Другая очаровательная находка автора — возникновение дружбы, а может быть, даже и любви между двумя сверхкомпьютерами, которые были созданы для войны. Один из них — Полководец — стал считать себя мужчиной, а Суперстарт все стали называть Стратой, и машина почувствовала себя женщиной. Не в первой книге компьютеры оказываются разумнее, человечнее и милосерднее людей.

А упрек? Что ж, признаюсь, что из трех михайловских романов мне больше всего нравится первый — его действующие лица стоят перед тяжелым выбором. Но ответственность они несут лишь за себя. Во втором романе ситуация выбора усложняется — от решения экипажа зависит существование человечества. Хладнокровно и безошибочно решить эту задачу мешает, как я уже говорил, перебор с подбором (простите за каламбур) ульдемировского экипажа. В третьей же книге, может быть, речь уже идет о спасении всего мироздания, а никакого здесь выбора никому делать не приходится, а потому и волноваться не за кого.


Более сложный случай мы имеем в произведениях фантаста старшего поколения Георгия Гуревича. Он стремится сохранить верность подлинно научной фантастике, его больше привлекает изобретение научно-небывалых идей, нежели исследование поведения человека в необычных условиях. Он и вправду пытается представить себе дальние пути развития науки, и его экстраполяции не назовешь робкими. Видно, что именно прогнозы увлекают писателя, и зачастую его сочинения приобретают вид конспектов, нередко перемежаемых формулами и таблицами, автор и сам иногда обыгрывает все это, заявляя, что создает схему романа, который, может быть, когда-нибудь будет написан, а может быть, и не будет. Так, например, происходит в рассказе «Нелинейная фантастика» (1978 г.). Писатель создает в воображении институт фантастики Инфант, в задачи которого входит проигрывать различные ситуации для проверки. Можно ли переделать человеческий организм, можно ли изменить лицо планеты, что случится, если продлить жизнь человека хотя бы до двухсот лет и на Земле будут сосуществовать семь-восемь поколений, вместо нынешних трех?

В отличие от Альтова, для которого литературная деятельность была, видимо, лишь эпизодом, ярким, но эпизодом, вся жизнь Гуревича отдана НФ, и такой многолетний труд не может не вызывать уважения, даже при несогласии с его исходными позициями. (Я должен оговориться: вовсе не всякая многолетняя и многотомная деятельность вызывает уважение; тут надо принимать в расчет еще и духовные потенции автора, среди которых не последнее место занимает совесть, и, разумеется, литературные возможности).

В характерной для Гуревича манере написана, например, «повесть в 12 биографиях» «Делается открытие» (1978 г.).

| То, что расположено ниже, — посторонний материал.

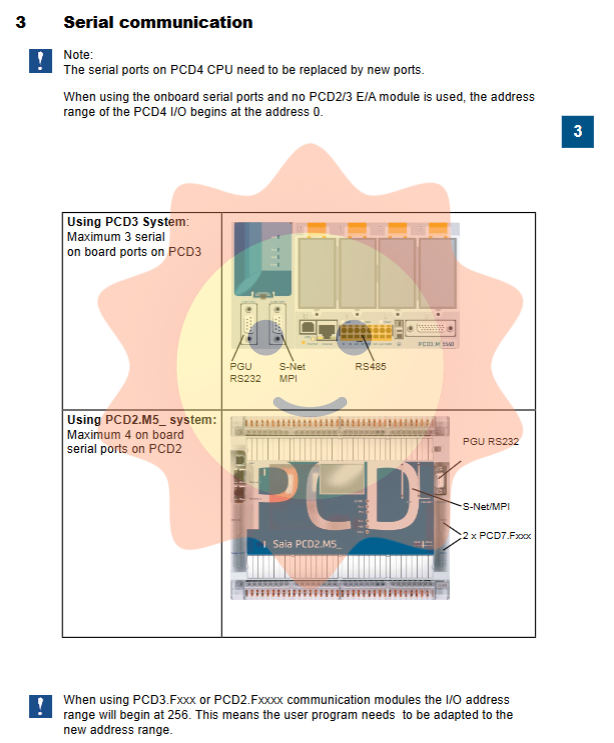 The serial port on the original PCD4 CPU needs to be replaced by a new communication port after the upgrade. If only the onboard serial port is used and no PCD2/3 I/O modules are added, the PCD4 I/O address range remains at 0. Once the PCD3. Fxxx or PCD2. Fxxxx communication module is used, the I/O address range will change from 256 onwards, and the user program must adjust all address references related to serial communication accordingly.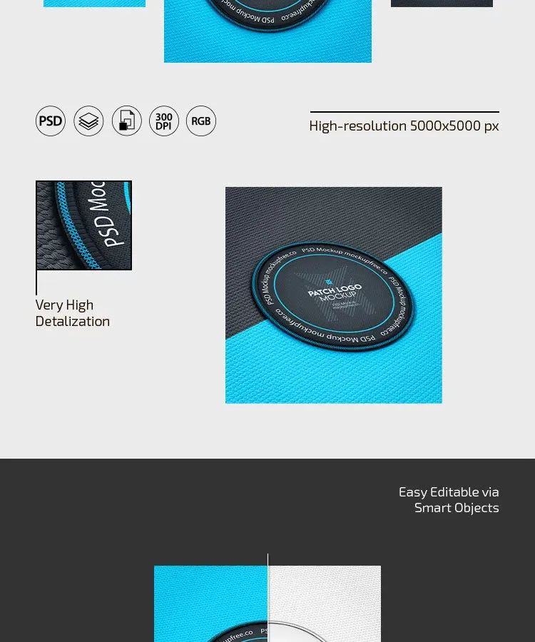 With smart object layers, you can effortlessly insert your artwork, modify surrounding text, change the patch color, adjust scale and shadows, or switch fabrics and patterns. This allows you to create a professional and lifelike presentation that can impress clients or enhance your portfolio. This free resource is ready to help bring your creative vision to life.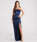 This figure-skimming beauty is worthy of a grand debut at banquets, weddings, and dressy celebration parties! The Sofie formal dress features a foldover, strapless neckline, a lightly padded bust, a slim curve-hugging silhouette, and a sultry front slit along her floor-length hem. The formal dress is composed of lined satin fabric with a sheen effect and minimal stretch. Complete the look in statement mules and a clutch.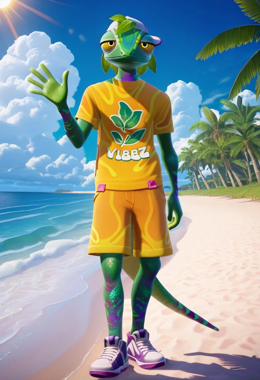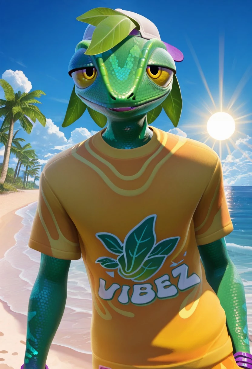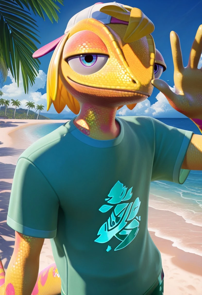 • ziggy_summer, anthropomorphic chameleon, humanoid reptile, yellow-orange skin, pink floral body patterns, sleepy blue eyes, yellow leafy hair, light green t-shirt with turtle logo, green shorts with lotus prints, teal and white sneakers, pink-white cap backwards, lizard tail
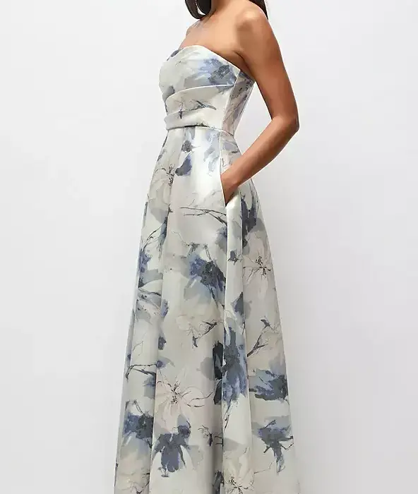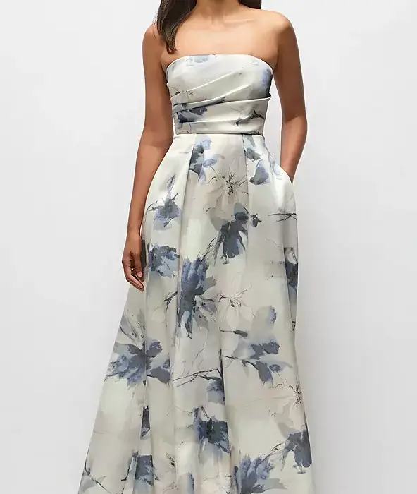 This floral satin maxi dress delivers a storybook vibe with a fresh edge. The strapless bodice is hand-pleated for a sculpted, flattering shape, while the full pleated skirt moves with effortless sweep and grace. Hidden side pockets add unexpected practicality, making this gown as chic as it is wearable. With its petal-printed satin twill fabric, this floral dress transforms into an unforgettably romantic statement piece.
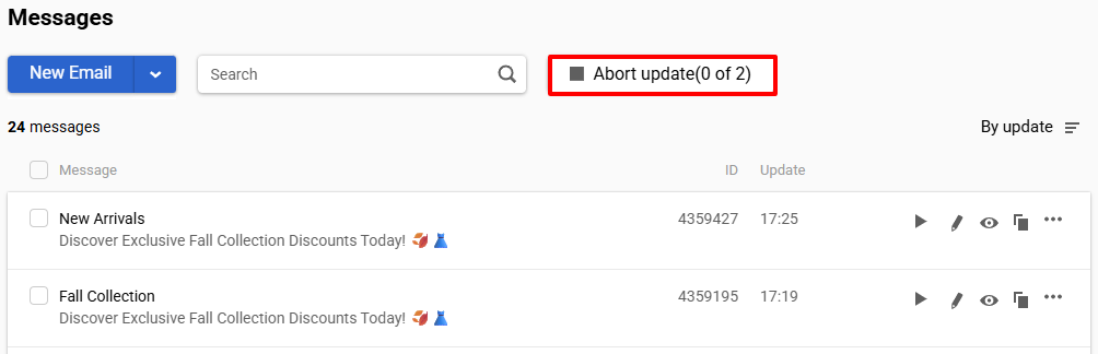 If you don’t run a bulk update, the system still applies the changes when you open each email in the editor. In other words, after you edit a synchronized module, the new version automatically loads into emails that use that module.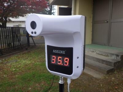 新たに購入した自動検温器で体温チェックをしました。
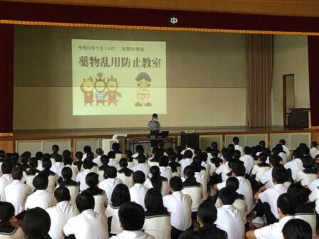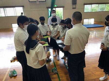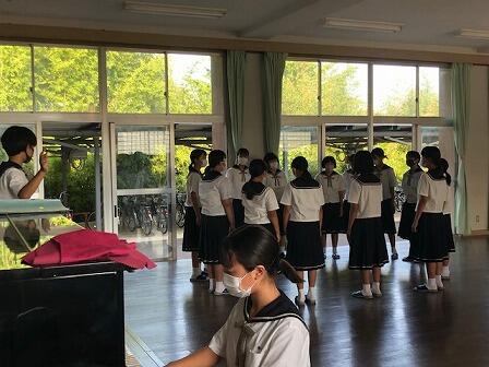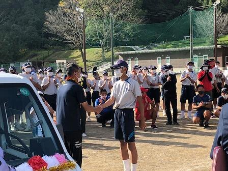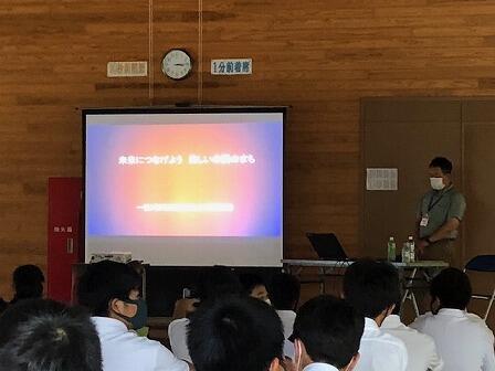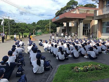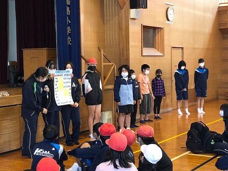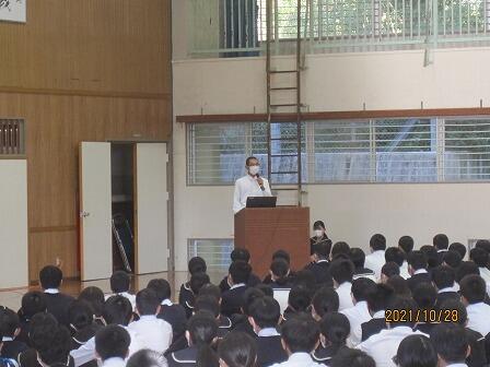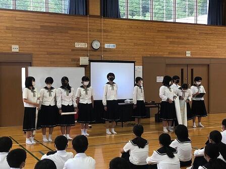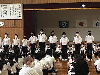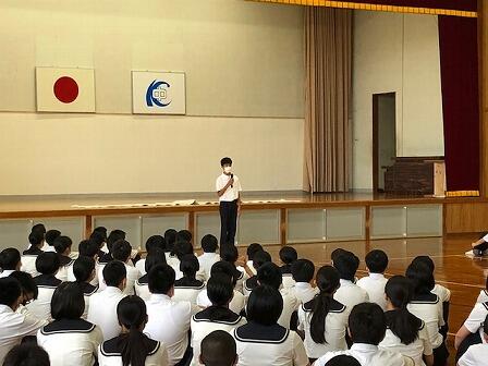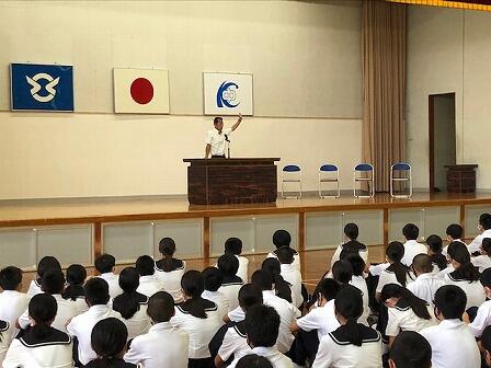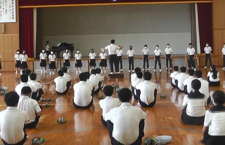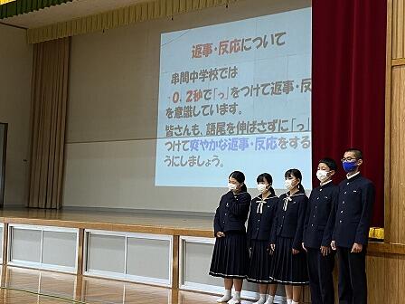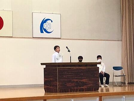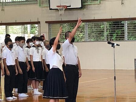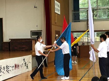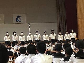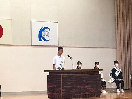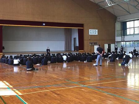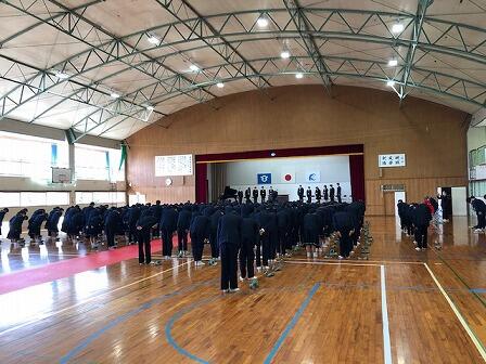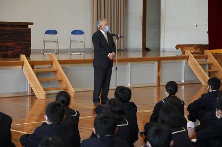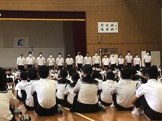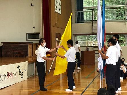地区大会に向けて部活動生の激励式を行いました。式では、バドミントン部主将が代表挨拶、野球部と女子バスケットボール部主将が力強い宣誓を行ってくれました。練習試合等もままならないなかでの大会になりますが、串間市の代表として、各競技での健闘を祈ります。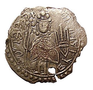Vladimir’s effigy on one of his coins. He is crowned in the Byzantine style, holding a cross-mounted staff in one hand and holding a Khazar-inspired trident in the other.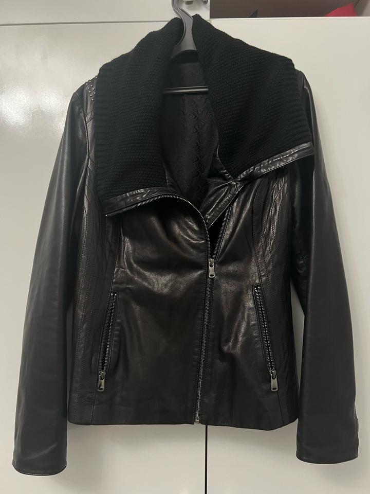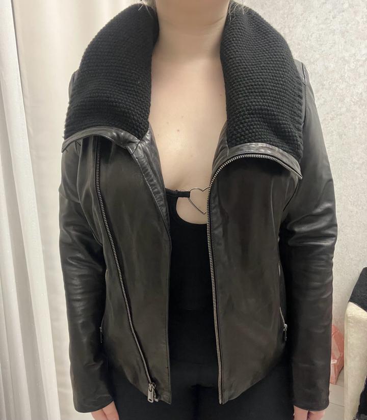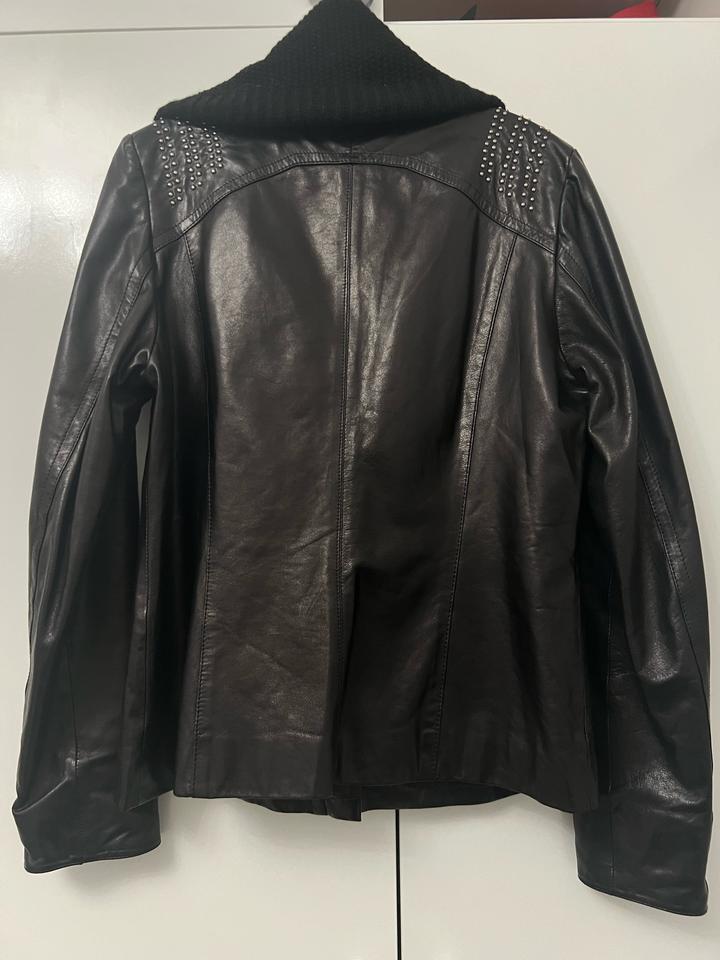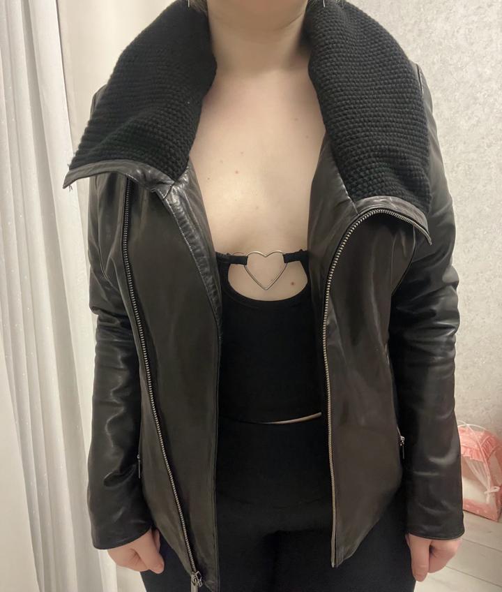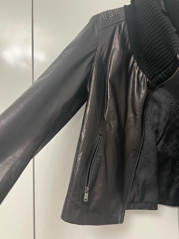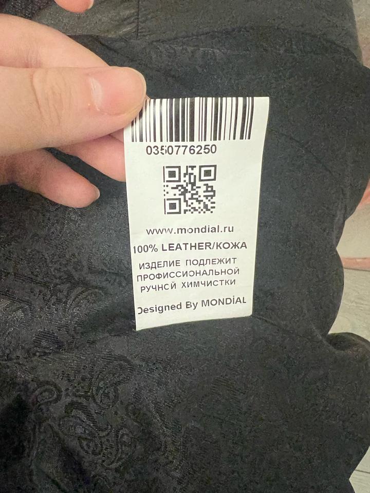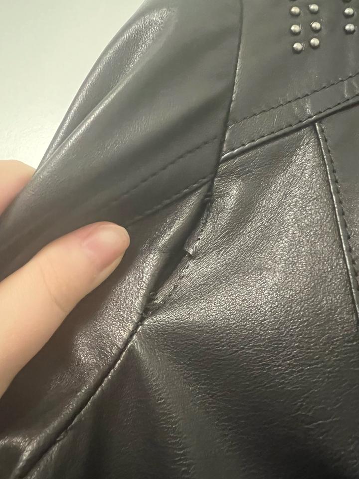 Продам кожаную куртку. Чистая кожа из магазина Mondial. Качество хорошее и нет царапин. Есть только один минус и это маленькая дырочка сзади. Фото дефекта добавила среди фото. Артикул: 540947

Автор излагает историю становления придуманной им науки о покорении времени — темпорологии. Перед нами, безусловно, научная фантастика; автора прежде всего интересует история крупного открытия, а характеры, психология, сделавших его людей, во вторую очередь.

Нужна ли, возможна ли такая фантастика? Повесть Гуревича ее демонстрирует, значит, возможна… И если перед нами произведение не вторичное, то читается оно не без интереса. Все же главным в литературе всегда будут человековедческие задачи, но Гуревич — не пустышка и не новичок, никогда не слышавший об этом, он сам теоретик фантастики, и спор с ним нелегок.

Чтобы пояснить свои доводы, я хочу обратиться к сравнению с научно-популярной литературой. В мире написано большое количество научно-популярных сочинений, люди читают их не без удовольствия и не без пользы. Но широкое общественное внимание привлекают только те книги, в которых научные изыскания совместились с нравственными, то есть волнующими не только умы, но и сердца.

Кого бы могла взять за душу книга, в которой доказывалось бы, что заселение островов Тихого океана происходило — подумать только! — путем миграций с Южно-Американского материка?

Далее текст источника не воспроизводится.